Pitbulls are banned in the UK as of 1991, but underground clubs are breeding them with Staffies and a lot of gangs are using these dogs as "status" weapons to intimidate on the street. 

These poor dogs. It pisses me off, the scum that use them in this way, which does nothing but tarnish the reputation. I sometimes wonder if these breeds of dog actually have a future.

----------


## MuscleScience

Underground Dog fighting (pitbulls) is pretty common where I am from. So towns even require a large insurance policy to be taken out on any owner that has pitbulls in case they escape and attack someone. Once or twice a year a dog/s escape and attack someone in. Poor dogs,

----------


## Flagg

> Underground Dog fighting (pitbulls) is pretty common where I am from. So towns even require a large insurance policy to be taken out on any owner that has pitbulls in case they escape and attack someone. Once or twice a year a dog/s escape and attack someone in. Poor dogs,



It's a terrible state of affairs. I feel sorry for the dogs because its all they've ever known and don't know any different.
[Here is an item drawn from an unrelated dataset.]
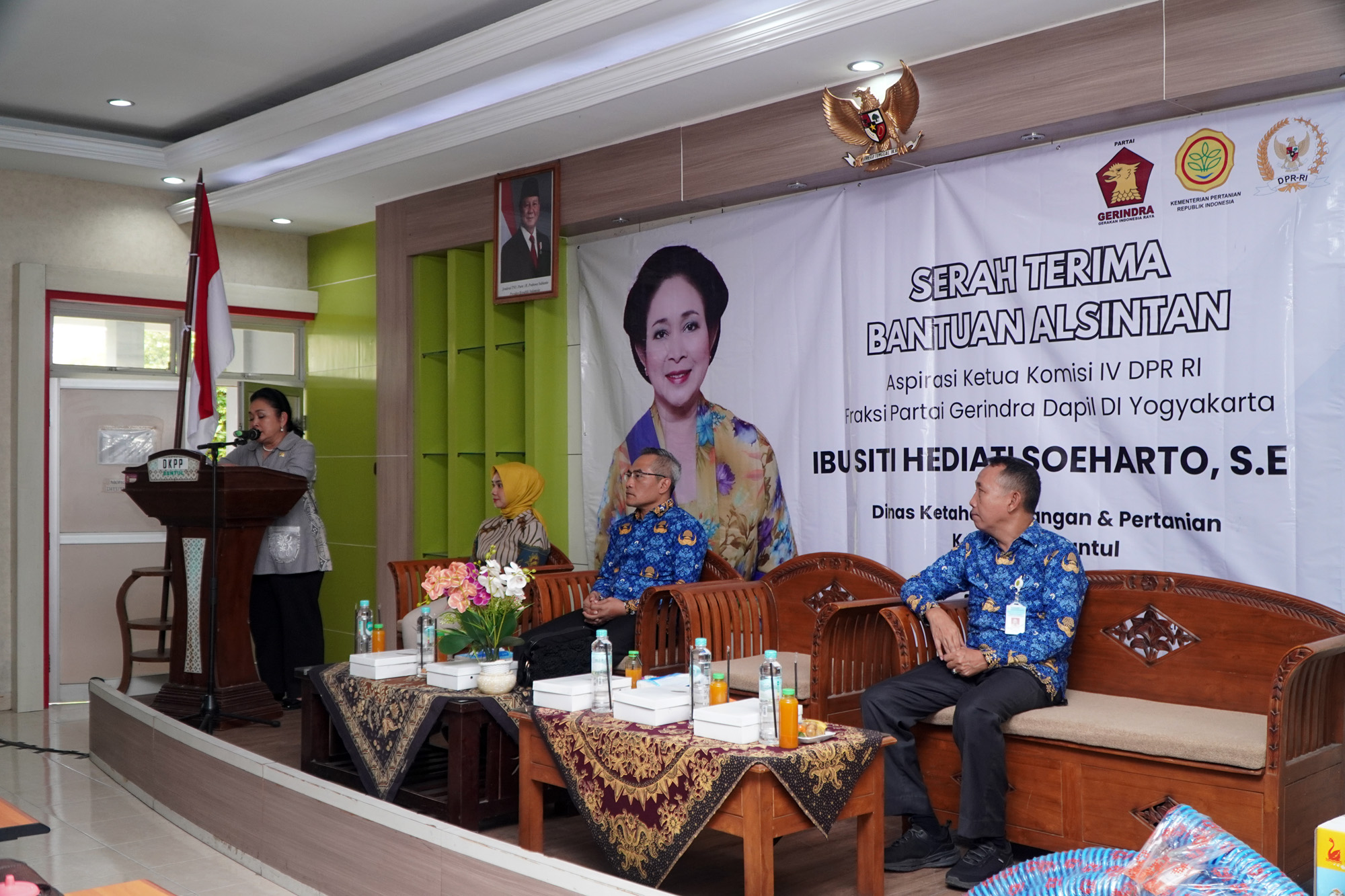 Dalam kesempatan tersebut, Komisi IV DPR RI Ibu Siti Hediati Soeharto, S.E., didampingi pejabat terkait, secara simbolis menyerahkan bantuan alsintan berupa 31 unit pompa air dan 78 unit hand sprayer kepada perwakilan petani Kabupaten Bantul.

And if a fighting dog attacks a person, it's not pretty, infact those kinds of dogs can kill people. 

Im guessing compensation for dog attacks must be pretty high?

----------


## MuscleScience

> It's a terrible state of affairs. I feel sorry for the dogs because its all they've ever known and don't know any different. And if a fighting dog attacks a person, it's not pretty, infact those kinds of dogs can kill people. 
> 
> Im guessing compensation for dog attacks must be pretty high?


Some towns have a policy that if one owns a pit bull they are required by law to take out a 250,000 dollar insurance policy in the event of attack. Which really only hurts those that legally have the dogs. People who fight pit bulls do not register their dogs.

----------


## BgMc31

I own a Pit/American Bulldog cross. Here in Nevada they must be registered. I actually rescued him from fighting. He was beat to shit when I got him. Now he's a 110lbs of LOVE!!! LOL!!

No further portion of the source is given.